Ken Loach’s Route Irish is more extremist stuff. It’s a fighting-fire-with-fire tale of dirty tricks among private military contractors in Iraq. The hero is an angry young Brit, an ex-soldier who suspects foul play in the death of his best buddy from a roadside bomb on the road to Baghdad airport. The story isn’t about the war on terror, but about the war within the war on terror. And it features a novel conceit—one of the good guys who resorts to torturing his own kind. But again, it seems no Iraq message movie is complete without a domestic firefight, as the hero and his dead buddy’s wife engage in some torrid sexual hostilities.

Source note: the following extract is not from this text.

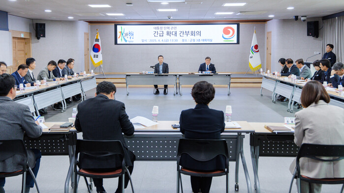 이날 회의는 김윤철 군수 주재로 군청 간부들이 모두 참석한 가운데 헌법재판소의 결정에 따른 정국 상황과 향후 군정 대응 방안에 대해 논의했다.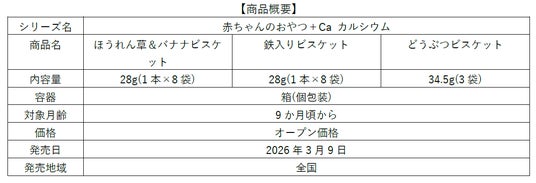 「赤ちゃんのおやつ+Caカルシウム」新アイテム追加・リニューアル発売

A ghost monkey in 'Uncle Boonme'

The other two movies I caught yesterday were both Asian features with a poetic sensibility: Korean director Chang-Dong Lee’s Poetry and Thai director Apichatpong Weerasethakul’s Uncle Boonmee Who Can Recall His Past Lives, or as I like to call it, Things that Go Boonmee in the Dark. Though modest, the Korean film is one of the best I’ve seen in competition, and its middle-aged star, Yun Jung-hee, is a strong contender for Best Actress. She plays a grandmother raising an indolent teenage grandson, who was involved in a gang rape of a schoolgirl, who committed suicide as a consequence. That’s the set up. The various parents of the culprits are attempting to bury the incident by gathering hush money for the victim’s parents. While the grandmother grapples with this, she’s taking poetry classes and working as a caregiver, giving baths to a man disabled by a stroke. Her life unfolds a series of awkward concessions, but poetry will lead her to an austere and uncompromised truth.

No Cannes is complete without a movie like Uncle Boonmee. The pace is glacial—an epithet that is sometimes used as an honorific by hard-core cinephiles here—the black-diamond challenge in the extreme sport of art house endurance. This animist fable is set in the jungles and caves of Thailand, much of it in the dark. A man is dying of kidney failure, and as he prepares his passage to the other side, phantoms of dead relatives show up at the dinner table and make themselves at home. No one seems terribly shocked. The jungle is crawling with animal spirits, notably the “ghost monkeys,” which look like gorillas with red eyes that glow in the dark. This is not a comedy, and much of the film casts a narcotic spell (not to be confused with ‘makes one sleepy’). The ghost monkeys, inevitably, drew some laughs. And the humour was certainly intentional in a lovely scene where a Buddhist monk in saffron robes, sleeping behind a veil of mosquito netting, wakes up and immediately checks his BlackBerry. The highlight of the film, however, has to be the princess who wades into a waterfall pool at night, shedding jewelry, and allows herself to be ravished by a talking catfish that flutters between her legs. Now there’s something you don’t see every day.